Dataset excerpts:
>>>>

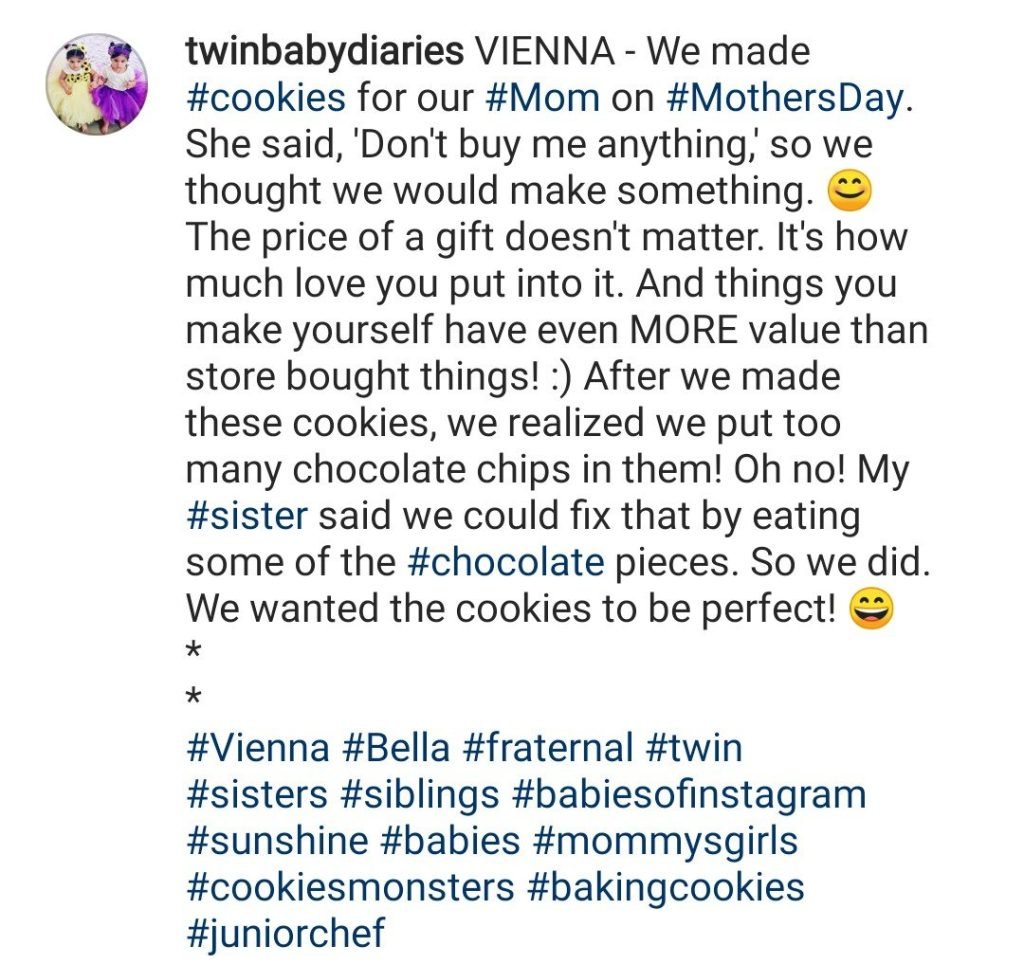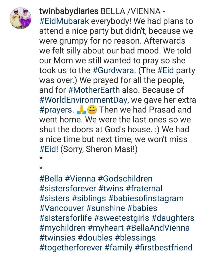With the name of ‘twinbabydiaries’, their page has become extremely popular. What makes the page different from all other pages is that it is regularly updated and adorable stuff is posted by the mother Teejay Sidhu herself. She is never up for missing even a single cute moment and uploads it over the page followed by an amazing caption. The captions usually show conversation between Bella and Vienna which is decoded by mom Sidhu.
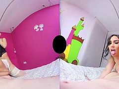 Delightful busty brunette tranny Bam enjoys deep fuck
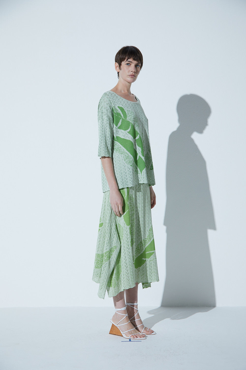 A blusa Ampla Em Tricot Jacquard Folhas é confeccionada em tricot com técnica jacquard, fornecendo ao tecido uma estética única com leve toque de brilho. Além disso, a padronagem de folhas e a caimento amplo da blusa criam um look elegante e versátil. Aposte!
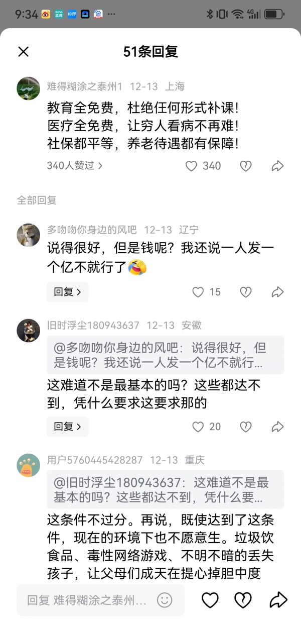 值得注意的是,新闻下面有很多阴阳怪气以及求全责备的评论,比如,什么零首付上车、教育全免费,杜绝仼何形式补课!医疗全免费,让穷人看病不再难!社保都平等,养老待遇都有保障等,不知道是何用意。其实国家层面应该知道大多数老百姓的想法和担心,虽然养孩子更费钱费时间,但任何政策不可能一蹴而就,要逐步落实,也不可能让国家大包大揽承担所有个人的问题,这是不现实的。
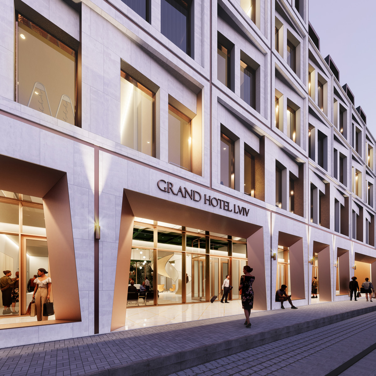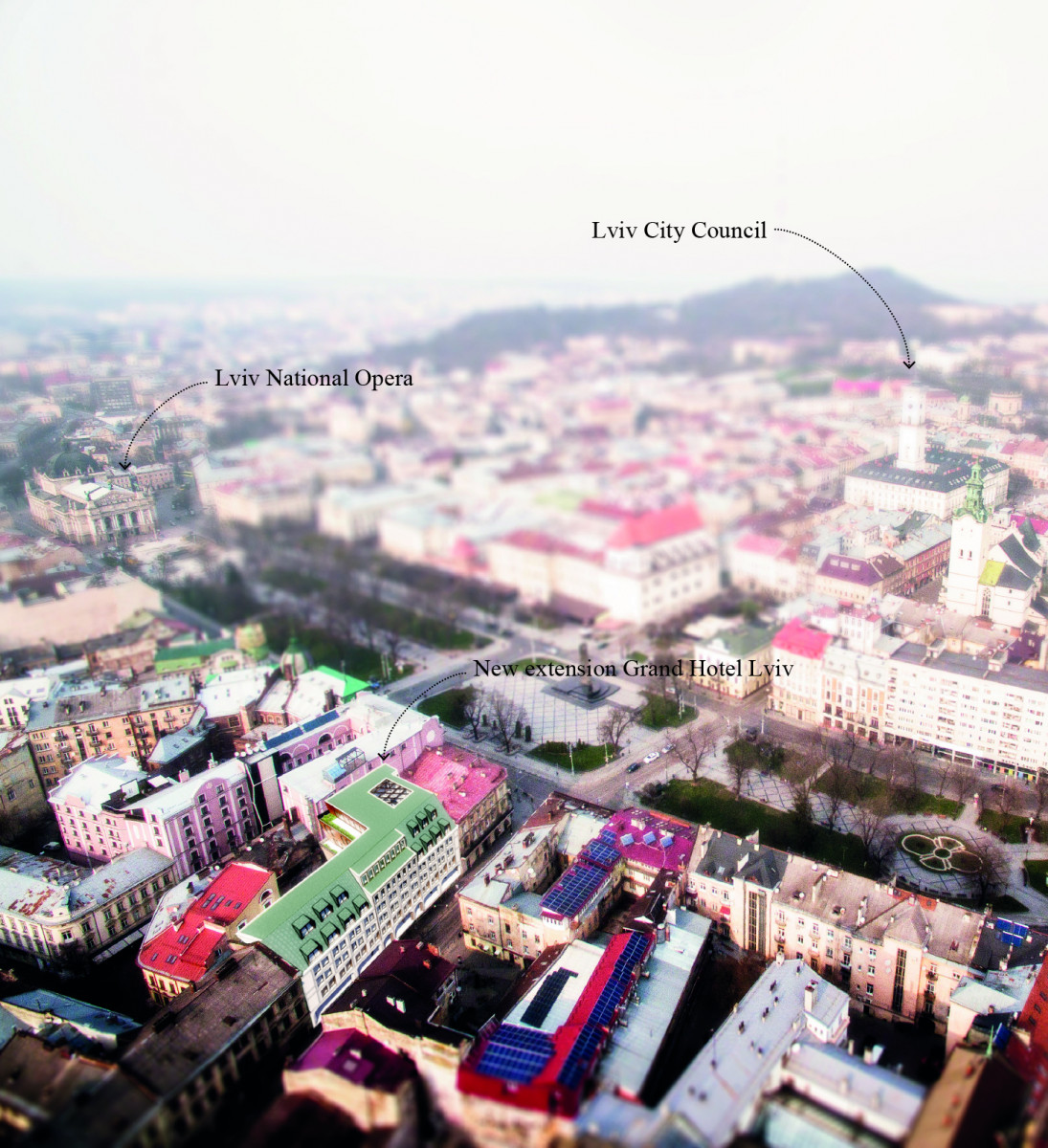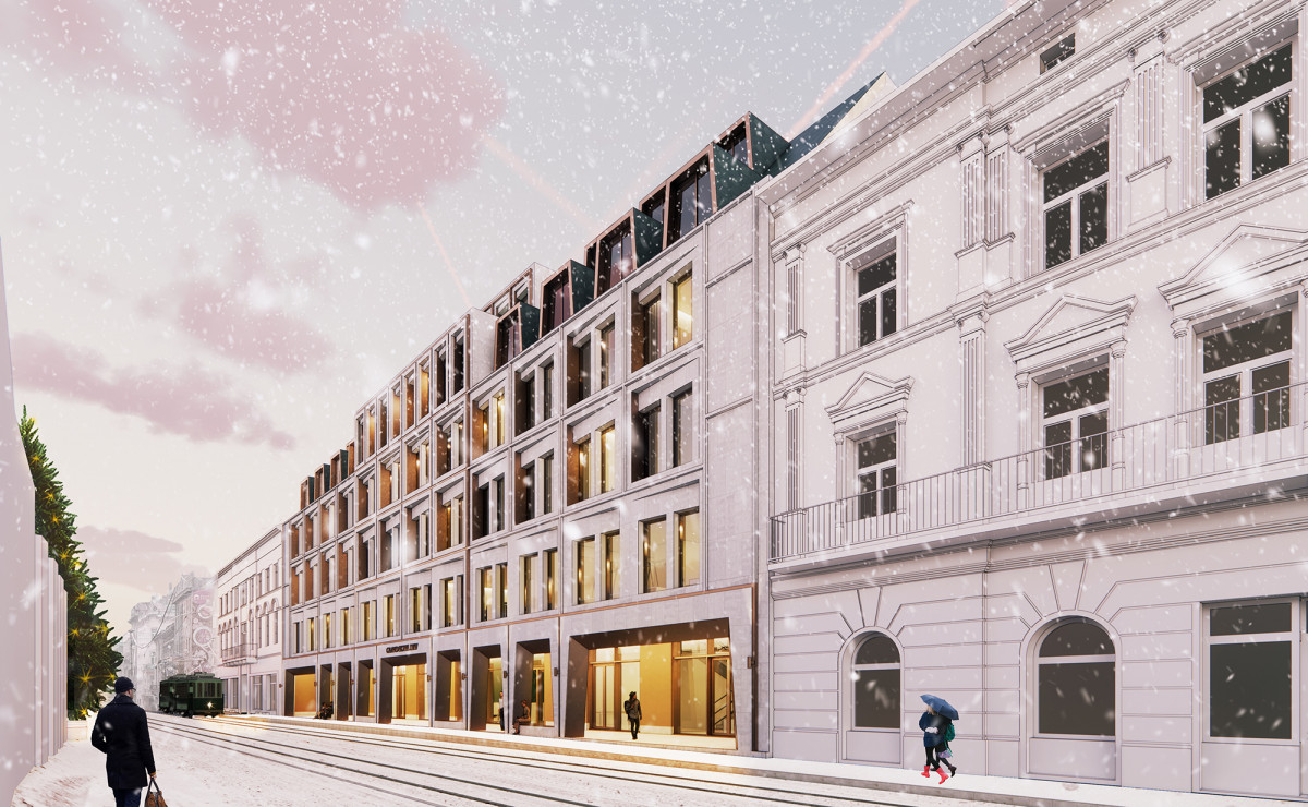 Recently atelier PRO created an architectural design for the extension of the Grand Hotel Lviv with shopping centre in an international design competition. The design should set a qualitative precedent for the creation of unique and contextual architecture, preserving and developing the historical environment of the central part of the city of Lviv, Ukraine.

<<<<

■ **WHAT IS EXPECTED**
All entries need to be duplicated exactly, apart from the images.

■ **RESULT OF THIS TASK**
With the name of ‘twinbabydiaries’, their page has become extremely popular. What makes the page different from all other pages is that it is regularly updated and adorable stuff is posted by the mother Teejay Sidhu herself. She is never up for missing even a single cute moment and uploads it over the page followed by an amazing caption. The captions usually show conversation between Bella and Vienna which is decoded by mom Sidhu.
 Delightful busty brunette tranny Bam enjoys deep fuck
 A blusa Ampla Em Tricot Jacquard Folhas é confeccionada em tricot com técnica jacquard, fornecendo ao tecido uma estética única com leve toque de brilho. Além disso, a padronagem de folhas e a caimento amplo da blusa criam um look elegante e versátil. Aposte!
 值得注意的是,新闻下面有很多阴阳怪气以及求全责备的评论,比如,什么零首付上车、教育全免费,杜绝仼何形式补课!医疗全免费,让穷人看病不再难!社保都平等,养老待遇都有保障等,不知道是何用意。其实国家层面应该知道大多数老百姓的想法和担心,虽然养孩子更费钱费时间,但任何政策不可能一蹴而就,要逐步落实,也不可能让国家大包大揽承担所有个人的问题,这是不现实的。
 Recently atelier PRO created an architectural design for the extension of the Grand Hotel Lviv with shopping centre in an international design competition. The design should set a qualitative precedent for the creation of unique and contextual architecture, preserving and developing the historical environment of the central part of the city of Lviv, Ukraine.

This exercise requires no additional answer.